In the same way, think of of your gut as your house – it’s good to keep and have more of what makes you feel good and has a positive influence in your well being. But just adding things that make you feel good to a cluttered home – like adding good nutrition without clearing the old won’t be as helpful. In fact, you will end up spending more money and time on trying to feel good but your body won’t fully benefit without the declutter and clearing first.
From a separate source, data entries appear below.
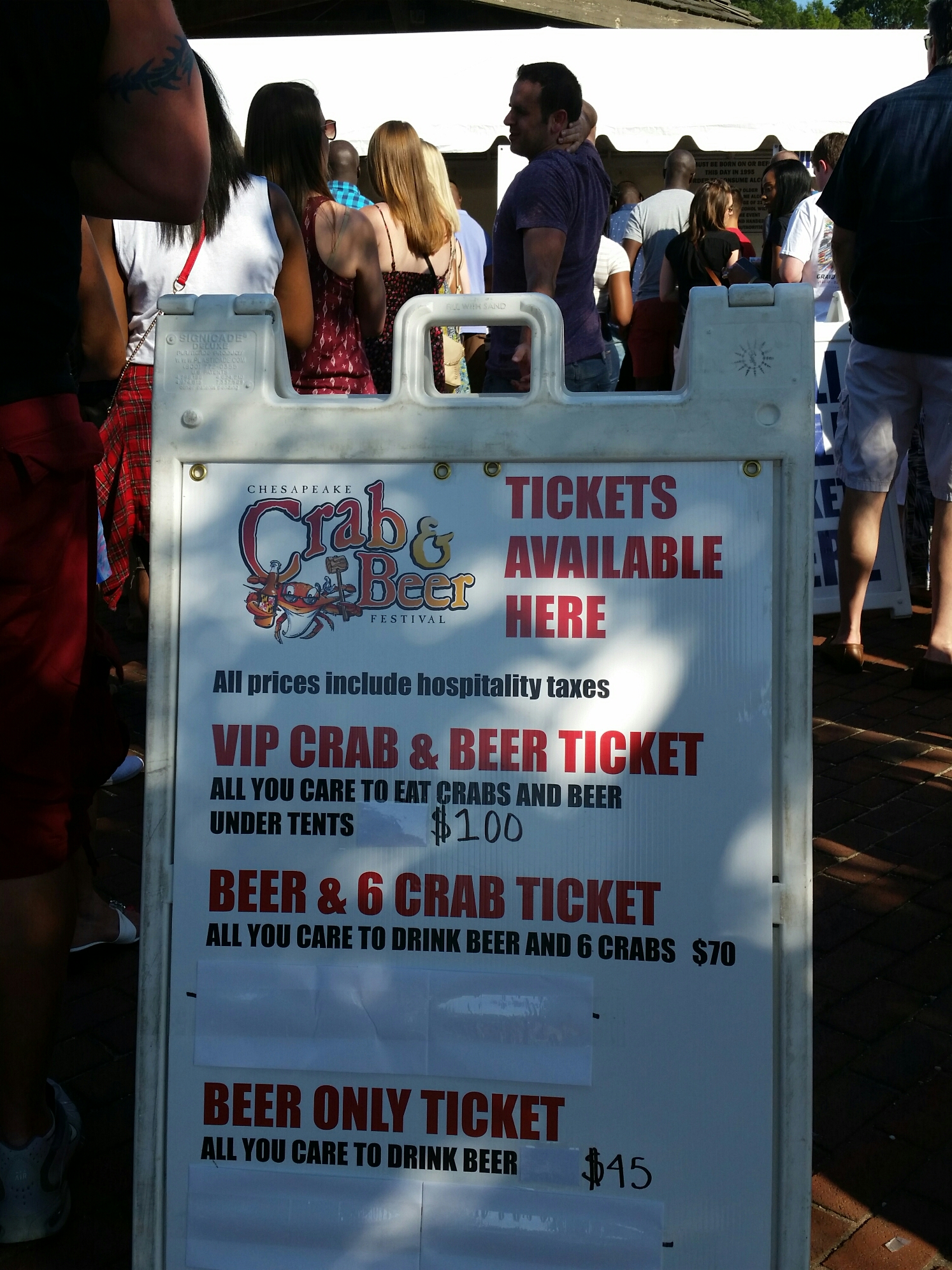 I attended the ALL YOU CARE TO TASTE VIP experience. Guests received a souvenir mug and mallet, unlimited tastes of the beer and wine on-site. This includes ALL YOU CARE TO TASTE Crabs, Corn on the Cob, Cole Slaw and Potato Chips.* Ticket purchasers are GUARANTEED communal seating under a tent.
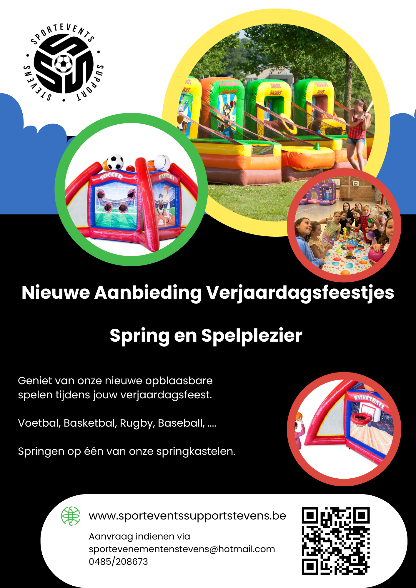 Verhuur: Hierbij vindt u de verhuur van onze Springkastelen – Stormbanen – Sportmaterialen voor scholen / verenigingen, Partytenten, Feestmaterialen en Mascottepakken.
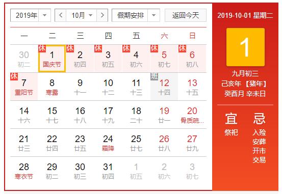 根据国家法定假期的规定,并结合公司实际情况,现对2019年国庆节节放假做出安排,具体如下:
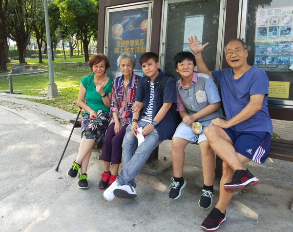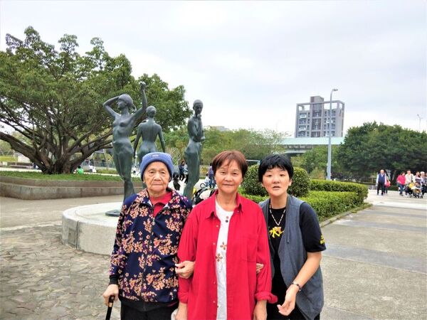 2020年八月搬回東湖前,我們住在長安雅仕陽光屋,常陪同老媽媽在華山公園合影。
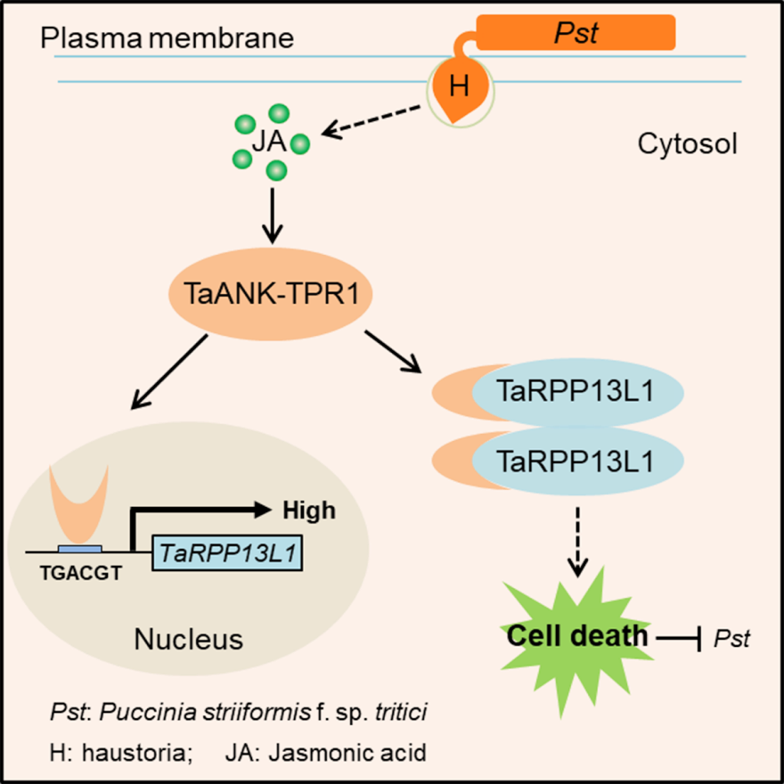 更重要的是,过表达 TaRPP13L1 能够在不影响田间重要农艺性状的情况下,显著降低小麦条锈病流行时的产量损失,为农作物抗逆遗传改良提供了重要的依据和种质资源。综上所述,TaANK-TPR1能够响应条锈菌侵染及JA信号,通过调控NLR基因TaRPP13L1的表达,并在蛋白层面与之互作,通过促进其二聚化从而激发强烈的细胞坏死,最终增强小麦对条锈菌的抗性。
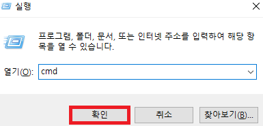 우선 키보드의 "윈도우키"+"R" 버튼 누른 후 CMD를 실행 해 주세요

You need to create a space – you need to unclog the clogged and then start rebuilding this microbiome inside you. There are various tests you can carry out to see what bacteria is living inside your gut – this will help identify the good from the bad and surprise you as to how much it relates to how you feel in your day to day life. Once armed with this knowledge you can begin to declutter and build a gut biome with good strength bacterias sourced from sauerkraut, kefir and the like that will play a part with your health, moods, weight and overall wellbeing.
So what now?
Gut health is an area of study has exploded in the past decade, and has started to revolutionize the way medicine views and treats the human body. As the research continues, it will be fascinating to discover the answers to questions, such as, does the way we think about our food affect how well we digest it? If we eat healthy, does the good feeling that accompanies it, affect the microbe population in our gut, giving our food an even bigger nutritional advantage? And vice versa when we eat foods that we know are not healthy for our bodies?
Mayer E, “The Mind-Gut Connection”, 2016, Harper Collins Books, New York, NY.